*** Records shown ***

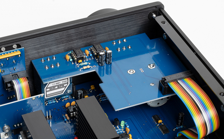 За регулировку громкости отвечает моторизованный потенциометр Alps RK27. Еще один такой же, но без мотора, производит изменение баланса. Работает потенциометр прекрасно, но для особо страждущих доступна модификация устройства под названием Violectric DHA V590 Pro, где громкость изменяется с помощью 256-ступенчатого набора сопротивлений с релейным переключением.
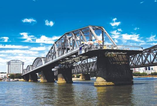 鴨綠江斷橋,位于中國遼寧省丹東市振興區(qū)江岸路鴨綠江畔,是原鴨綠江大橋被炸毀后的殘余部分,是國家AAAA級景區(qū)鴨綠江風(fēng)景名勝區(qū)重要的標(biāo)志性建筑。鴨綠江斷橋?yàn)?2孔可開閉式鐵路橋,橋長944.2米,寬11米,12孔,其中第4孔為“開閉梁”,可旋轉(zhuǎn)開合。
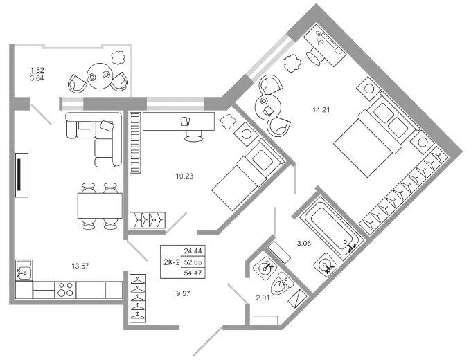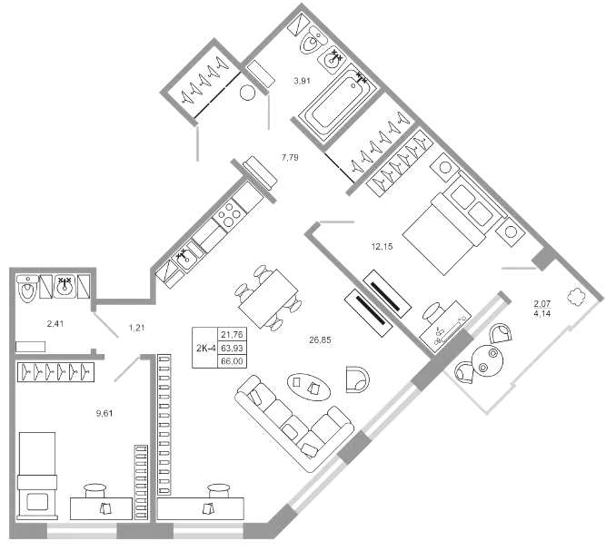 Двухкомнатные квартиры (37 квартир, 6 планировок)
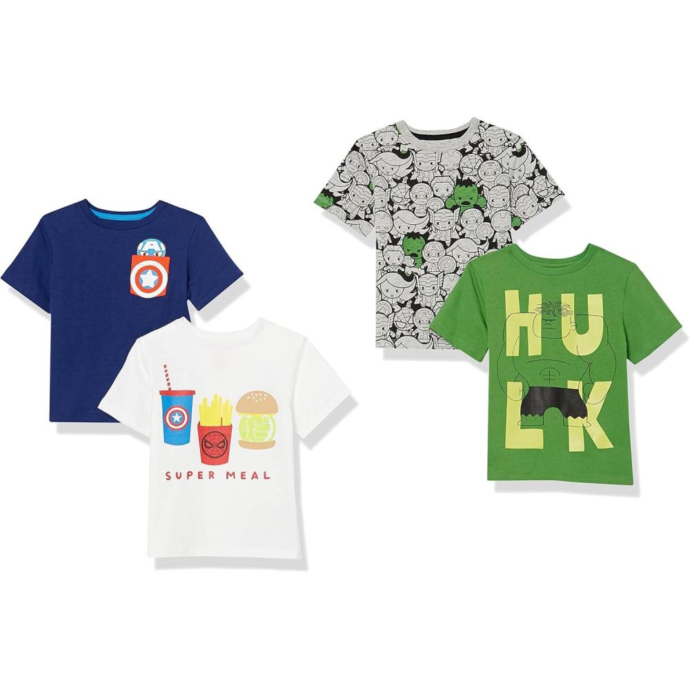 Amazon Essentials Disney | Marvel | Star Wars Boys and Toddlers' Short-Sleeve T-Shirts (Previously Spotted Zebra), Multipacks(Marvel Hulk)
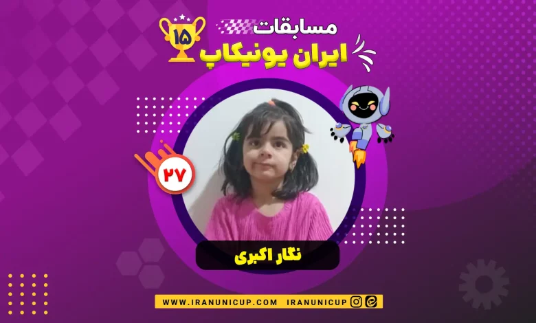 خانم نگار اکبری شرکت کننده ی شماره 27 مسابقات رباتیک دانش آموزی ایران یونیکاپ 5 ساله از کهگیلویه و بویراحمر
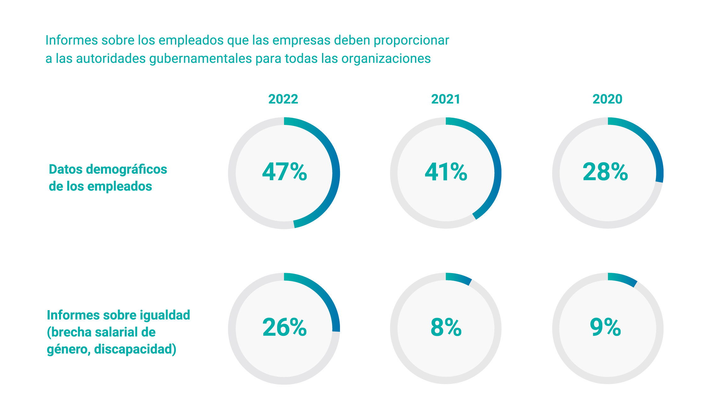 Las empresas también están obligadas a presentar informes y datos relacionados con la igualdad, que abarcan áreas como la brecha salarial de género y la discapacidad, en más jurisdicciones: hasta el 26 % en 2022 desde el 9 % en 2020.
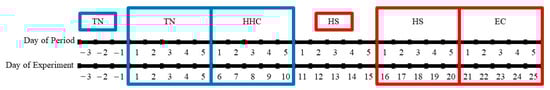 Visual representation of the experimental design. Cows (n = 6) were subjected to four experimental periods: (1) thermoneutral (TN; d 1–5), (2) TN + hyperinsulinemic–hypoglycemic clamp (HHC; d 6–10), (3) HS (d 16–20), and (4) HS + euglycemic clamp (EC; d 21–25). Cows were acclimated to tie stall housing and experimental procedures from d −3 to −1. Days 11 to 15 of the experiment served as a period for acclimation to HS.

*** End of Records shown ***

**Your instructions**
From the line that contains "Amazon Essentials Disney" to the end of the listing, give every line again exactly as written. Leave the pictures out.

**Response to the task**
 Amazon Essentials Disney | Marvel | Star Wars Boys and Toddlers' Short-Sleeve T-Shirts (Previously Spotted Zebra), Multipacks(Marvel Hulk)
 خانم نگار اکبری شرکت کننده ی شماره 27 مسابقات رباتیک دانش آموزی ایران یونیکاپ 5 ساله از کهگیلویه و بویراحمر
 Las empresas también están obligadas a presentar informes y datos relacionados con la igualdad, que abarcan áreas como la brecha salarial de género y la discapacidad, en más jurisdicciones: hasta el 26 % en 2022 desde el 9 % en 2020.
 Visual representation of the experimental design. Cows (n = 6) were subjected to four experimental periods: (1) thermoneutral (TN; d 1–5), (2) TN + hyperinsulinemic–hypoglycemic clamp (HHC; d 6–10), (3) HS (d 16–20), and (4) HS + euglycemic clamp (EC; d 21–25). Cows were acclimated to tie stall housing and experimental procedures from d −3 to −1. Days 11 to 15 of the experiment served as a period for acclimation to HS.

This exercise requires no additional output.